**YOUR TASK**
In your copy, leave out the pictures and repeat the entries below exactly.
(PROVIDED DATA Opens)
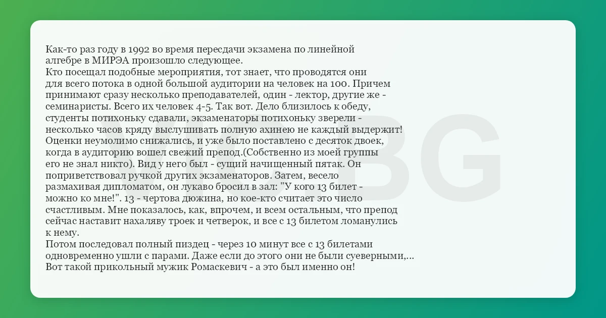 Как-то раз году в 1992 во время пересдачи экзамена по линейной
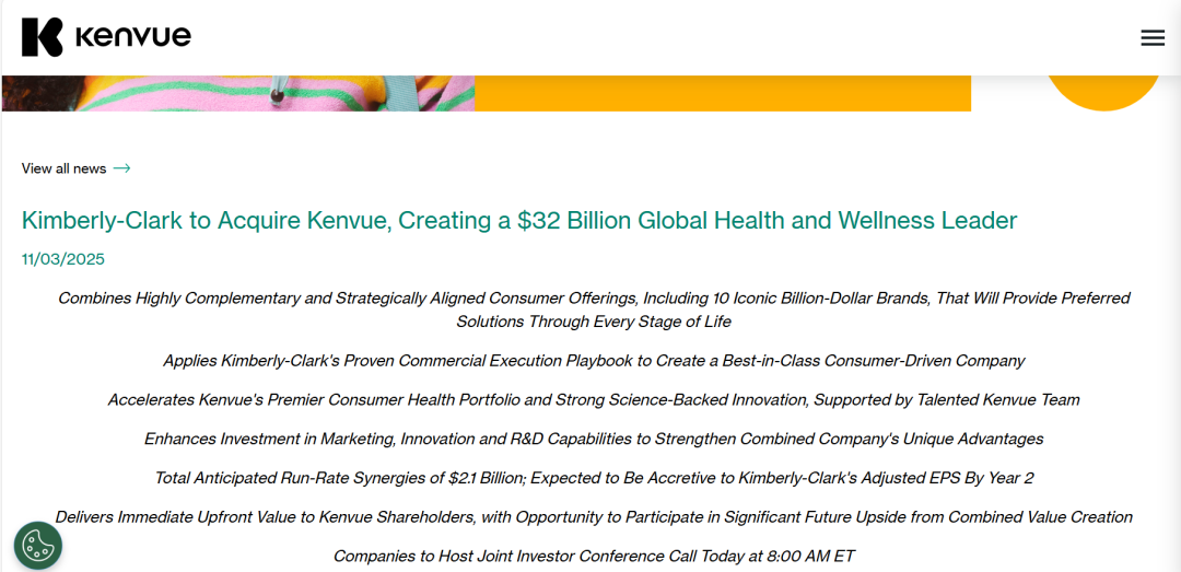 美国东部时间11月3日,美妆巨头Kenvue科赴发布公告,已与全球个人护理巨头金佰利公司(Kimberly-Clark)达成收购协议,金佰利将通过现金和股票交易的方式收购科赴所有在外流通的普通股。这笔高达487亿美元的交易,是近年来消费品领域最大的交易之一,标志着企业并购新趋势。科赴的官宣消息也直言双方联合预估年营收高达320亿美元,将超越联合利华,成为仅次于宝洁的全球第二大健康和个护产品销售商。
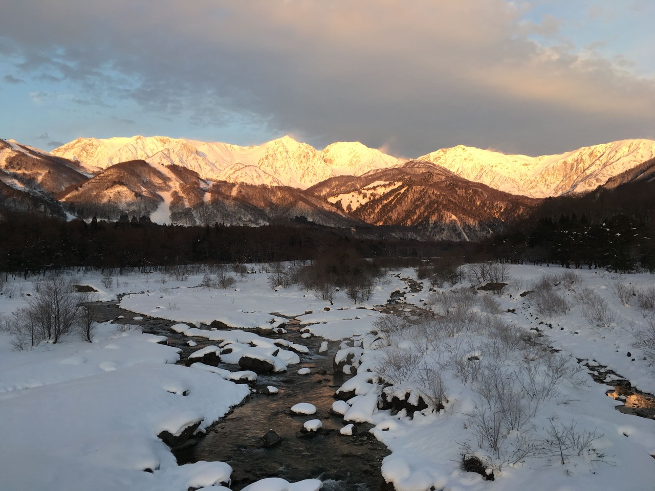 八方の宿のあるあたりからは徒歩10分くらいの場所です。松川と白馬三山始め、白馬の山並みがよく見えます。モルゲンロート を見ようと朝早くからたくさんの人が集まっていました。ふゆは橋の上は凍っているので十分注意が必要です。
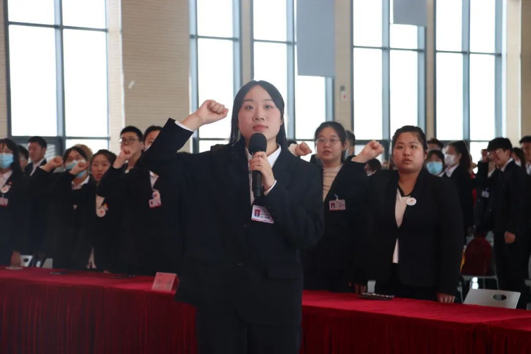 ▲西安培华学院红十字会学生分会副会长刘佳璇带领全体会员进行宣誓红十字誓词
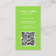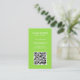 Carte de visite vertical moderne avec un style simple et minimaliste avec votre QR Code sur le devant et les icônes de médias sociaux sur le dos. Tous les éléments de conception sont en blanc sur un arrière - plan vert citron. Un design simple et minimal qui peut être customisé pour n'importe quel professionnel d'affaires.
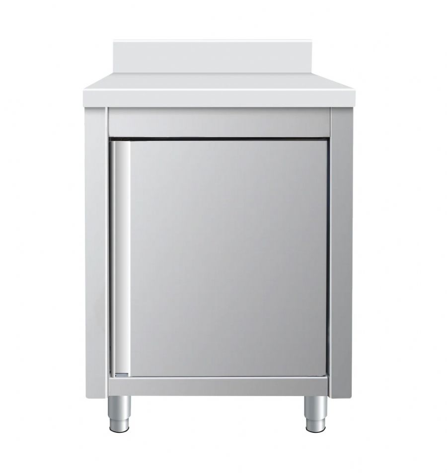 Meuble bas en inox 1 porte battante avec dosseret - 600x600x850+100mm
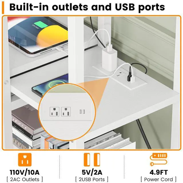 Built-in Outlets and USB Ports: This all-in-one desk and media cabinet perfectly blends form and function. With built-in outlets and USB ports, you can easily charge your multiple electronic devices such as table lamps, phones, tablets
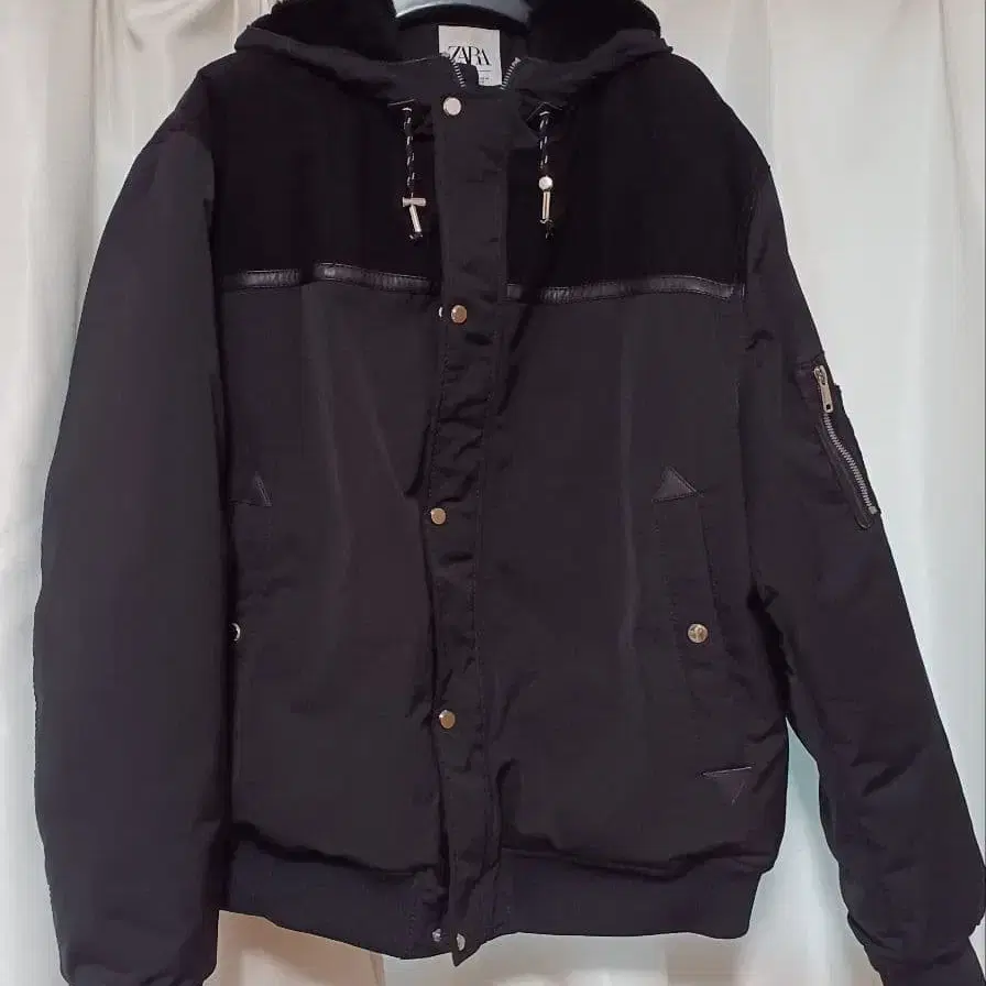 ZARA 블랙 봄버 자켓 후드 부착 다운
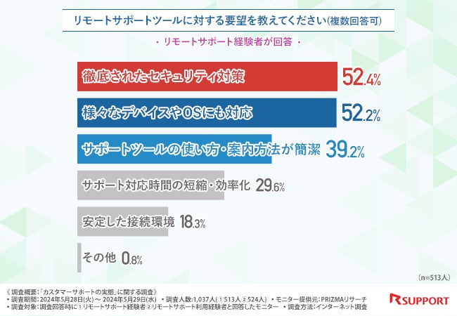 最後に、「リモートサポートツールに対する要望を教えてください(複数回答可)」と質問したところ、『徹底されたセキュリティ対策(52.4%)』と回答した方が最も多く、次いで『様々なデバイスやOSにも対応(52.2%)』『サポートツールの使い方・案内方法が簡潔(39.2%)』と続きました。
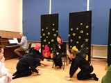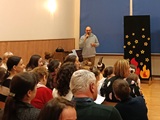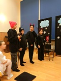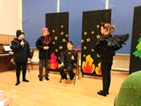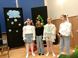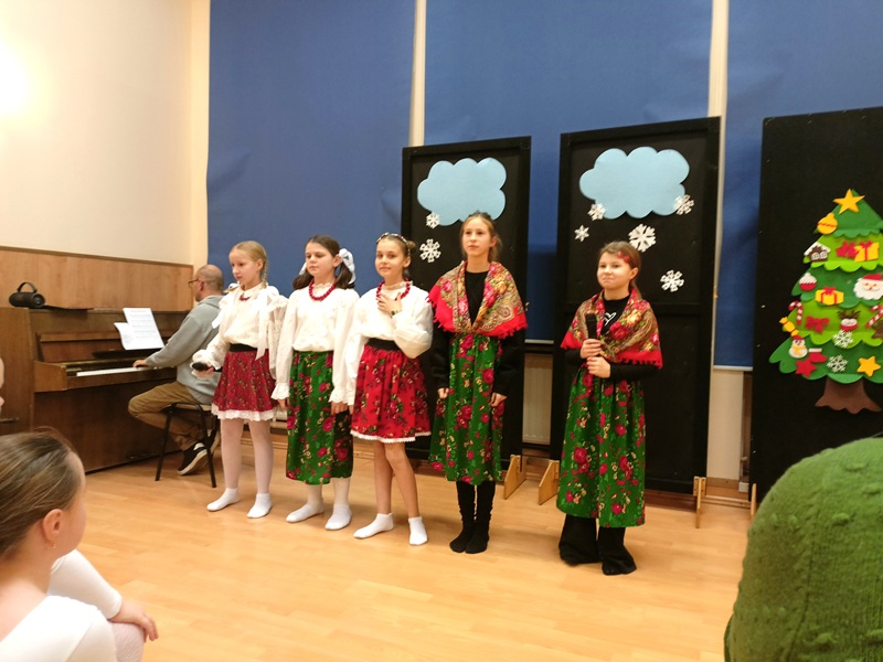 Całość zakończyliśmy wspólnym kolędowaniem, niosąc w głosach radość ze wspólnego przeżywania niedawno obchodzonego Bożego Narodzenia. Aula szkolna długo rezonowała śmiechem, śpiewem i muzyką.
(PROVIDED DATA Closes)
**SOLUTION FOR THIS PROBLEM**
 Как-то раз году в 1992 во время пересдачи экзамена по линейной
 美国东部时间11月3日,美妆巨头Kenvue科赴发布公告,已与全球个人护理巨头金佰利公司(Kimberly-Clark)达成收购协议,金佰利将通过现金和股票交易的方式收购科赴所有在外流通的普通股。这笔高达487亿美元的交易,是近年来消费品领域最大的交易之一,标志着企业并购新趋势。科赴的官宣消息也直言双方联合预估年营收高达320亿美元,将超越联合利华,成为仅次于宝洁的全球第二大健康和个护产品销售商。
 八方の宿のあるあたりからは徒歩10分くらいの場所です。松川と白馬三山始め、白馬の山並みがよく見えます。モルゲンロート を見ようと朝早くからたくさんの人が集まっていました。ふゆは橋の上は凍っているので十分注意が必要です。
 ▲西安培华学院红十字会学生分会副会长刘佳璇带领全体会员进行宣誓红十字誓词
 Carte de visite vertical moderne avec un style simple et minimaliste avec votre QR Code sur le devant et les icônes de médias sociaux sur le dos. Tous les éléments de conception sont en blanc sur un arrière - plan vert citron. Un design simple et minimal qui peut être customisé pour n'importe quel professionnel d'affaires.
 Meuble bas en inox 1 porte battante avec dosseret - 600x600x850+100mm
 Built-in Outlets and USB Ports: This all-in-one desk and media cabinet perfectly blends form and function. With built-in outlets and USB ports, you can easily charge your multiple electronic devices such as table lamps, phones, tablets
 ZARA 블랙 봄버 자켓 후드 부착 다운
 最後に、「リモートサポートツールに対する要望を教えてください(複数回答可)」と質問したところ、『徹底されたセキュリティ対策(52.4%)』と回答した方が最も多く、次いで『様々なデバイスやOSにも対応(52.2%)』『サポートツールの使い方・案内方法が簡潔(39.2%)』と続きました。
 Całość zakończyliśmy wspólnym kolędowaniem, niosąc w głosach radość ze wspólnego przeżywania niedawno obchodzonego Bożego Narodzenia. Aula szkolna długo rezonowała śmiechem, śpiewem i muzyką.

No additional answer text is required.